Я ходила по комнате, прикасаясь к вещам Питера — к подушке, на которую он опускал свою голову, к книгам, лежавшим на тумбочке возле кровати, украшениям, стоявшим на каминной полке. В комнате было темно, и я не могла рассмотреть их как следует, но само прикосновение к этим предметам приносило мне странное утешение.
«O Питер! — безмолвно взывала я. — Ну почему я была такой слепой!»
— Но что мне сказать Питеру? Как сделать так, чтобы он поверил, что я изменилась, что я люблю его.
И тут вдруг завыли сирены, предупреждавшие о воздушном налете. В их протяжном, то усиливающемся, то опадавшем стоне я слышала голос плакальщицы-банши, вмещавший в себя все мои несчастья и горести. Я внимала этому вою, чуть ли ни сливаясь с ним.
Где-то вдалеке прогремел взрыв бомбы, затрещали зенитки.
Приблизившись к окну, я выглянула наружу. Я знала, что нарушаю все правила, но это не остановило меня. Я хотела видеть происходящее, отвлечься мыслями от своих бед. И тут до меня донесся шум. Негромкий, но тем не менее заставивший меня вглядеться в полумрак за окном, чтобы понять, что там происходит. Я видела двор, солнечные часы, клумбы с тюльпанами, причудливо мощенную дорожку, ведущую к калитке, через которую можно было выйти на улицу. Насколько мне было известно, ее всегда держали закрытой.
В саду, как и всегда, было тихо и пусто, однако я вновь услышала негромкий звук и поняла, что доносится он из соседнего сада. Там, в кустах, что-то шевелилось, шуршали сухие листья. Сперва я подумала, что это, скорее всего, кошка, а потом вспомнила, что в соседнем доме никто не живет. Тогда я решила, что это грабитель, и вспомнила, как Питер говорил, что многие люди уехали из Лондона, оставив в домах ценные вещи, не озаботившись об их охране. Шелест вновь повторился, и сердце мое заколотилось, когда я увидела, что через стену, разделявшую оба дома, перелезает какой-то мужчина. Я неподвижно стояла и смотрела, как он преодолел стену, как спрыгнул вниз, во двор, и только в этот момент я осознала опасность.
Должно быть, именно так убийца дяди Эдварда подбирался к своей жертве, когда дядя работал в своем кабинете. Но теперь внизу, в выходящей окнами во двор комнате находились Питер и министр иностранных дел.

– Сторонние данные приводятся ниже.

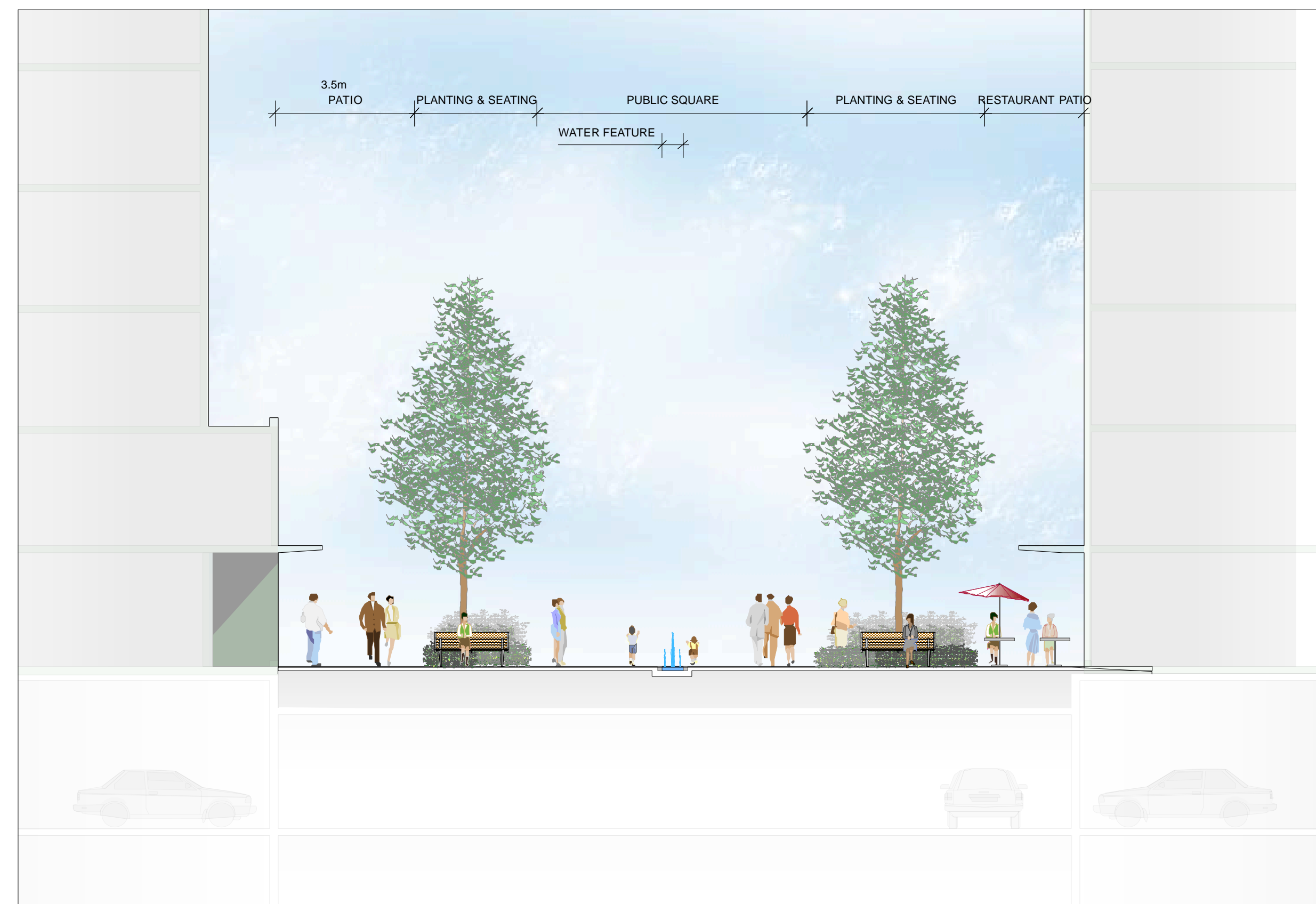
1 WEST PLAZA 1:100

Но думала я только о Питере… Это Питер находился в опасности.
И я закричала. Закричала громко, изо всех сил, успев, однако, сообразить, что Питер может подумать, что кричат в саду, и подойдет к окну, возможно, навстречу собственной смерти.
Я бросилась вон из комнаты, продолжая кричать. Задела на ходу кресло, и оно со стуком упало на пол. Я выскочила на площадку лестницы, повторяя имя Питера.
Тут я вспомнила о детективах, дежуривших возле дома. Крик мой должен был встревожить находящегося позади дома, но услышит ли его тот, кто был у главного входа?
Но в голове билось только одно: Питер, не подходи к окну!
Я бросилась вниз, призывая его. A когда уже была внизу, услышала оглушительный грохот страшного взрыва, содрогнулся сам дом.
На мгновение меня парализовал ужас, мне даже показалось, что я сама ранена.
Но, придя в себя, я поняла, что невредима и не переставала твердить:
— Питер! Питер!
— Миссис Флактон, мы чрезвычайно благодарны вам, — проговорил министр внутренних дел, — я как раз сказал вашему мужу, насколько восхищен вашей отвагой.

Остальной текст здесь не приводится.